** DATA **
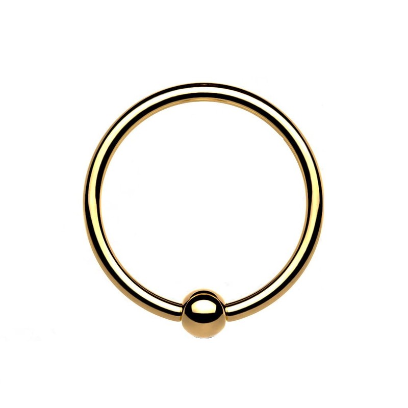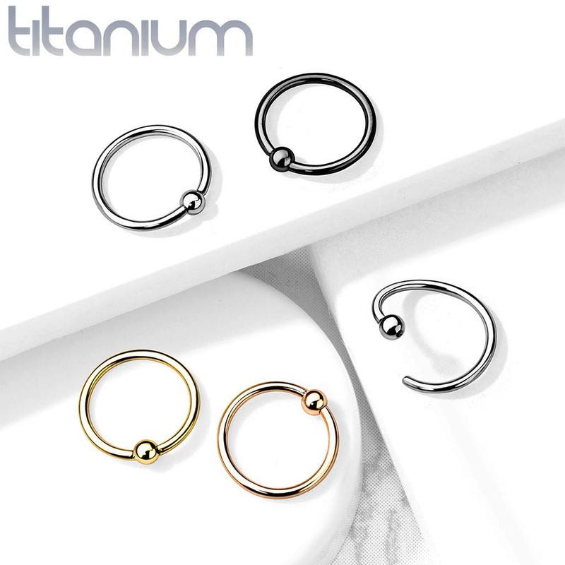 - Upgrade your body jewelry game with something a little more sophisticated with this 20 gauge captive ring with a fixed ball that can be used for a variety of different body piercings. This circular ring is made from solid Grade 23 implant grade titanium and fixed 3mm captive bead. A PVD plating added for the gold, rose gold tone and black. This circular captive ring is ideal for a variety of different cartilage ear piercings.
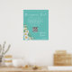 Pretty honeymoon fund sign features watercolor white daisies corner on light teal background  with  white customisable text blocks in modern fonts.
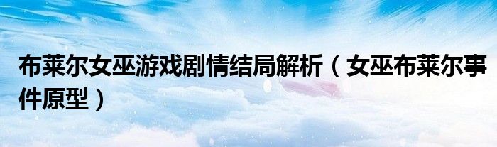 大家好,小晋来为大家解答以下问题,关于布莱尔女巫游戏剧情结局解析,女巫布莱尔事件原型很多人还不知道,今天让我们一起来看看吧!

...

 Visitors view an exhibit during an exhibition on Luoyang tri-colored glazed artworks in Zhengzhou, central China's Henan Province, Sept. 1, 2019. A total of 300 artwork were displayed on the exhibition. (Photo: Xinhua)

---

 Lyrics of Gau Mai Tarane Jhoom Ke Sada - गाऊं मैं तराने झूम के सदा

** WORK TASK **
From the material above, reproduce only what runs from the line holding "Pretty honeymoon fund" down to the line holding "大家好,小晋来为大家解答以下", both included, pictures excluded.

** WRITTEN ANSWER **
 Pretty honeymoon fund sign features watercolor white daisies corner on light teal background  with  white customisable text blocks in modern fonts.
 大家好,小晋来为大家解答以下问题,关于布莱尔女巫游戏剧情结局解析,女巫布莱尔事件原型很多人还不知道,今天让我们一起来看看吧!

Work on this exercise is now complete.